Much of our motivation is dependent upon extrinsic or external events; those things that we often don’t have control over.  The increase in control that intrinsic or internal motivation gives us can help us improve our self-worth and esteem.

The title of John Maxwell’s book ‘Sometimes you win, Sometimes you learn’ has always intrigued me. Often, we have our moods and emotions affected by the results we achieve…if we win, we feel good, if we don’t succeed, we feel down and unable to lift ourselves.

Much of this has to do with the way we focus our attention. When we concentrate on what we are gaining, our emotions are affected in a positive sense, which drives us forward as we are focussing on what we can achieve. Our viewpoint is positive; it feeds our positive emotions and makes us feel good about ourselves. This drives us to perform better as we like the results we are achieving and aids us to find creative ways to improve our activities. We feel that we are ‘winning’

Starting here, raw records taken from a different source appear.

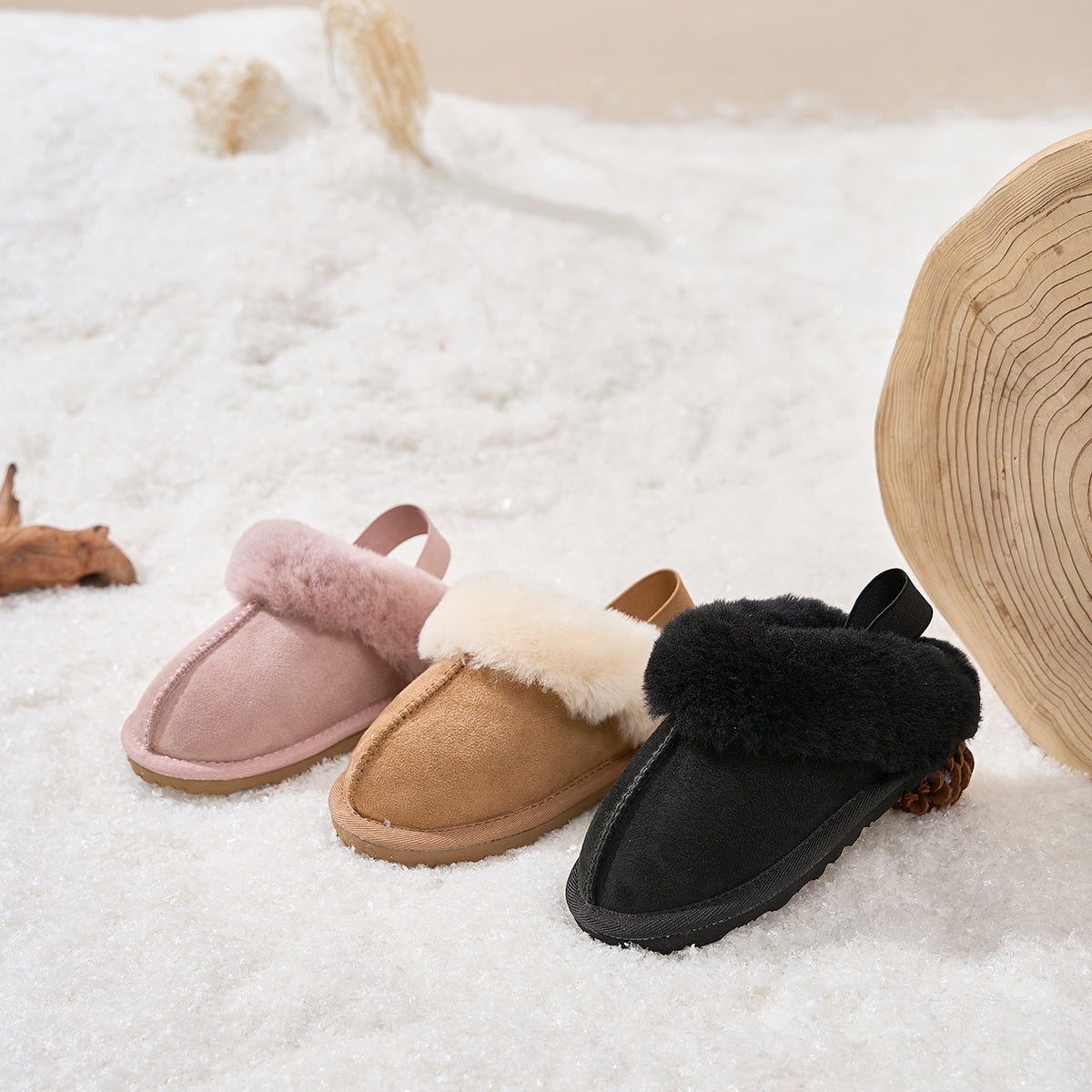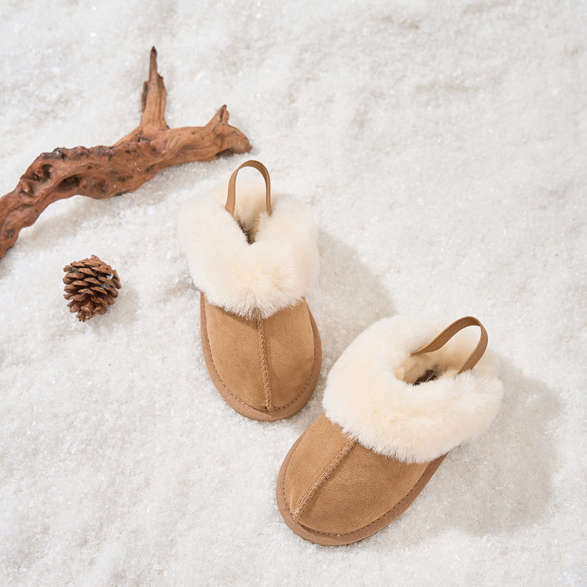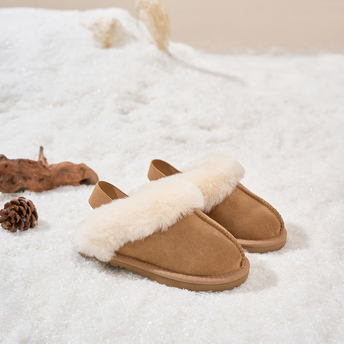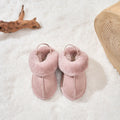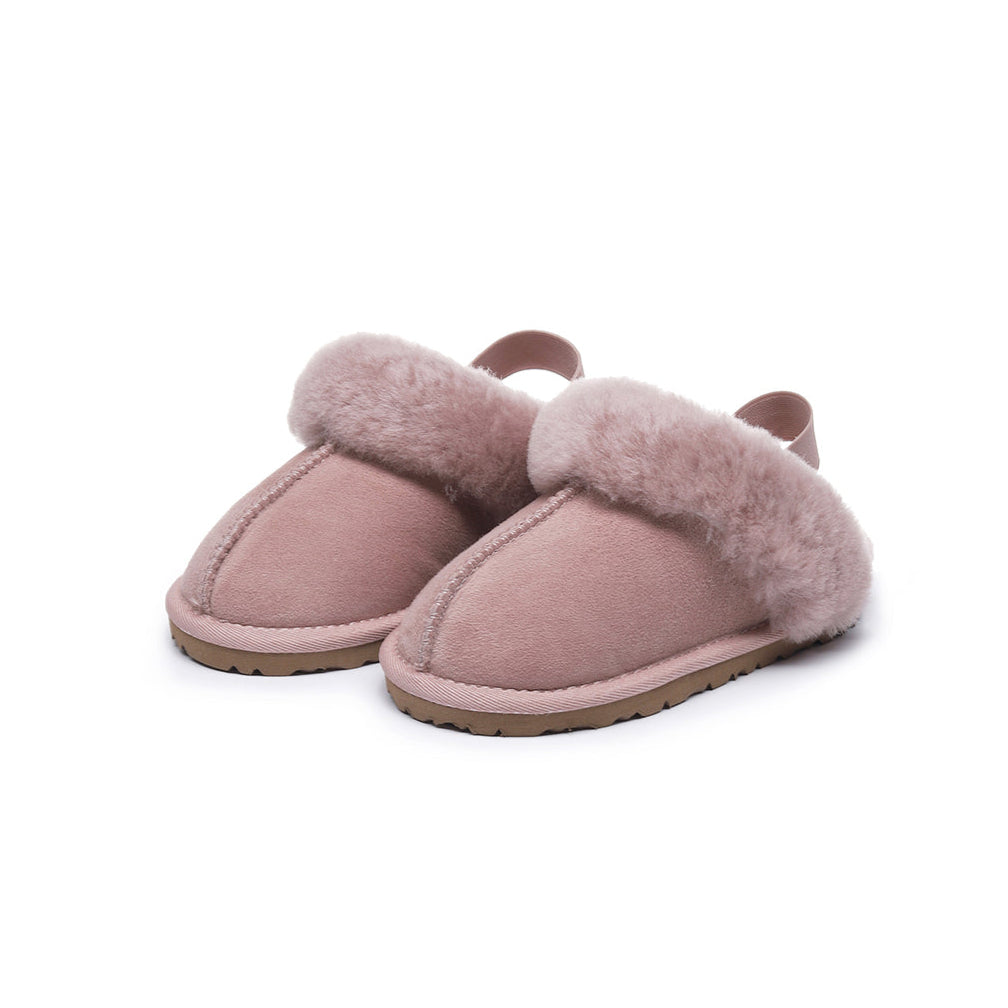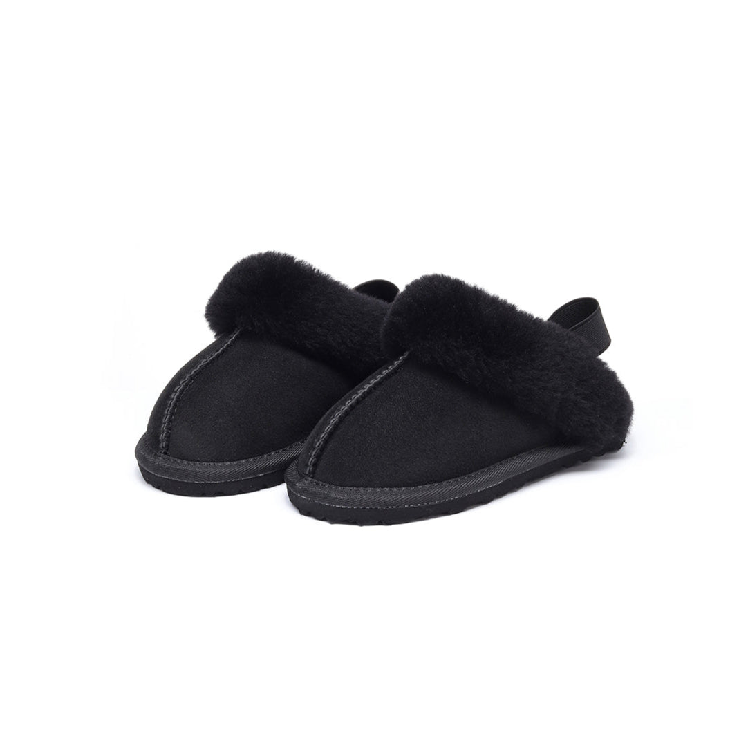 Crafted with Australian twin-face sheepskin, these shoes offer cozy warmth, breathability, and a soft touch. The flexible elastic strap makes them easy to slip on and off, while the EVA sole provides lightweight cushioning and anti-slip safety for active kids.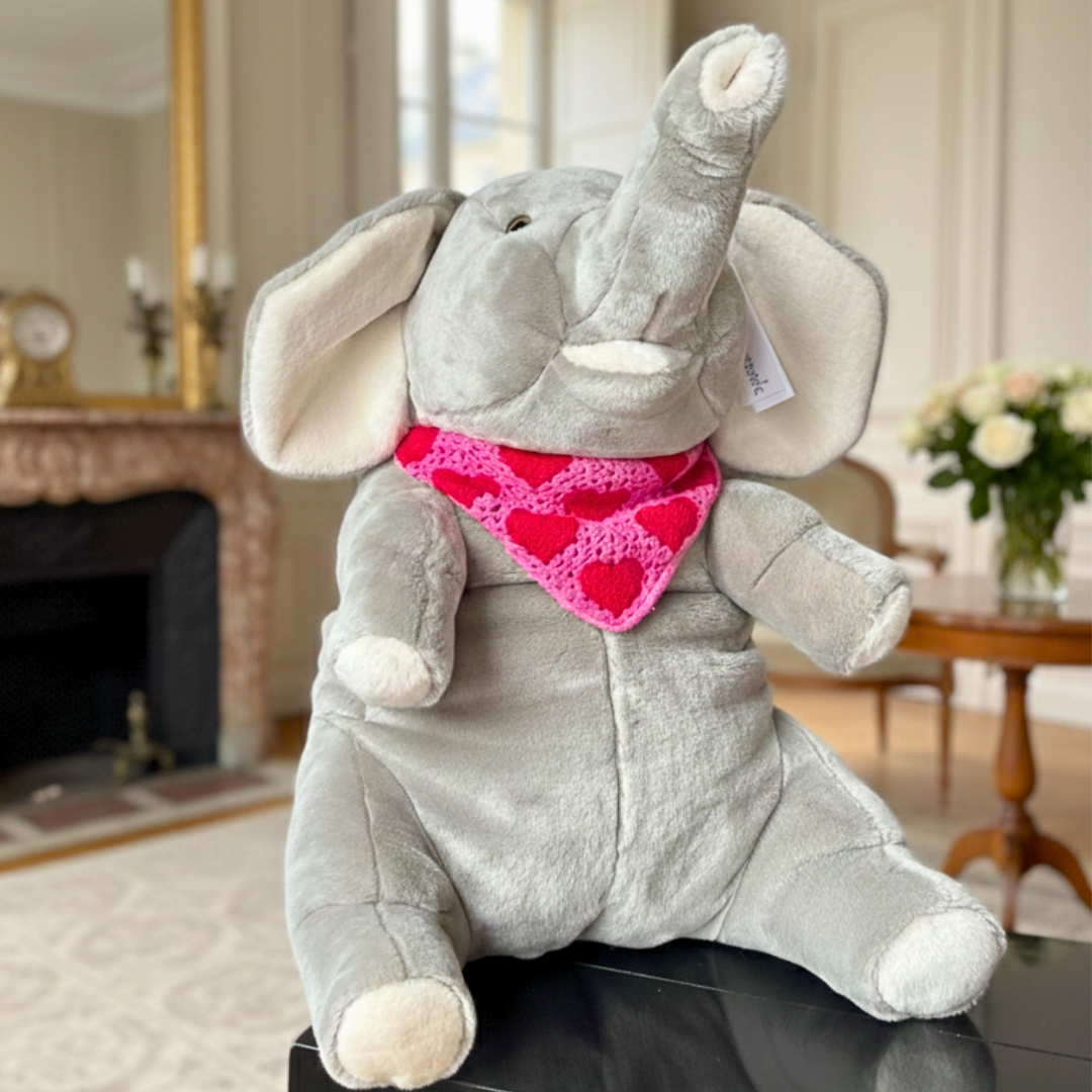 Basile est le compagnon idéal pour les grands câlins et les moments réconfortants. Son format généreux et son bandana rose à cœurs en font une peluche spectaculaire et rassurante.
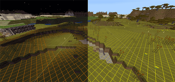 这 是 一 款 可 以 显 示 红 石 能 量 , 区 块 边 界 , 刷 怪 区 域 的 着 色 器 .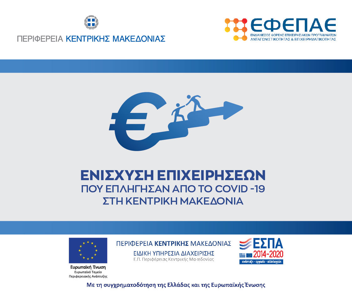 • ΠΡΟΓΡΑΜΜΑΤΑ Δράσεις ΕΠ-ΠΚΜ 2014-2020 Ενίσχυση μικρών και πολύ μικρών Επιχειρήσεων που επλήγησαν από τον Covid-19 στην Κεντρική Μακεδονία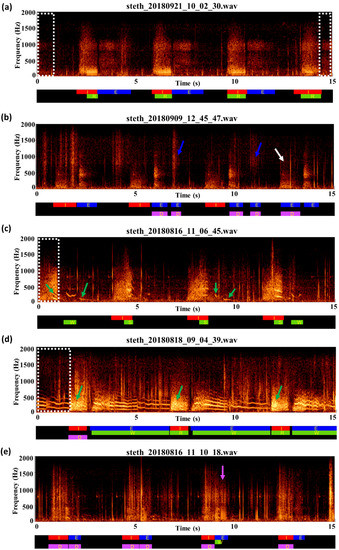 However, the quality of C labels was unsatisfactory. CASs were often found unlabeled, such as the ones (green arrows) in Figure 7c. In some cases, the labelers were unsure whether to label a borderline case. For example, the labeler did not label the sound indicated by the first green arrow in Figure 7d but labeled the sounds indicated by the second and third green arrows although these sounds did not form clear streak patterns on the spectrogram.

If we are not succeeding (in whatever way we use to judge that success), it tends to make us feel more negative because of how we focus on those results. They make us feel that we are not as good as we could be and this has a detrimental effect on the way we view ourselves. We feel that we are ‘losing’.

How can we change the impact that not succeeding has on our performance?

Well, instead of thinking of ourselves as ‘losing’ by not succeeding, a swift change in the way we view the situation can have a dramatic effect on the performance we create. Instead of thinking about what we have lost, how about thinking ‘what can I learn from this?

It may sound like simple semantics, but it actually makes a huge difference in the way we feel about ourselves.

When we tell ourselves we have lost something, we focus on the pain and on the past that got us here. We think about things we could have, should have and ought to have done, and often chastise ourselves for not doing them. We often feel bad about what we could have achieved and so can’t concentrate on improvements that need to be made.

Instead, when we tell ourselves that we could learn something from this, it triggers a different mindset. To learn something, we have to concentrate on the lessons gained and the future changes we could make to improve. Learning means identifying the changes that will make a difference for us and our prospects. Those changes will help us achieve different results, as we now concentrate on the future, rather than the past.

From now on, think about how you can learn from your experiences, good or bad. By learning, you build your self-esteem and self-worth and this increases your confidence. That confidence could prove to be decisive in your future success.

Happy Selling!

Sean McPheat
Managing Director
MTD Sales Training
http://www.mtdsalestraining.com

(Image by Stuart Miles at FreeDigitalPhotos.net)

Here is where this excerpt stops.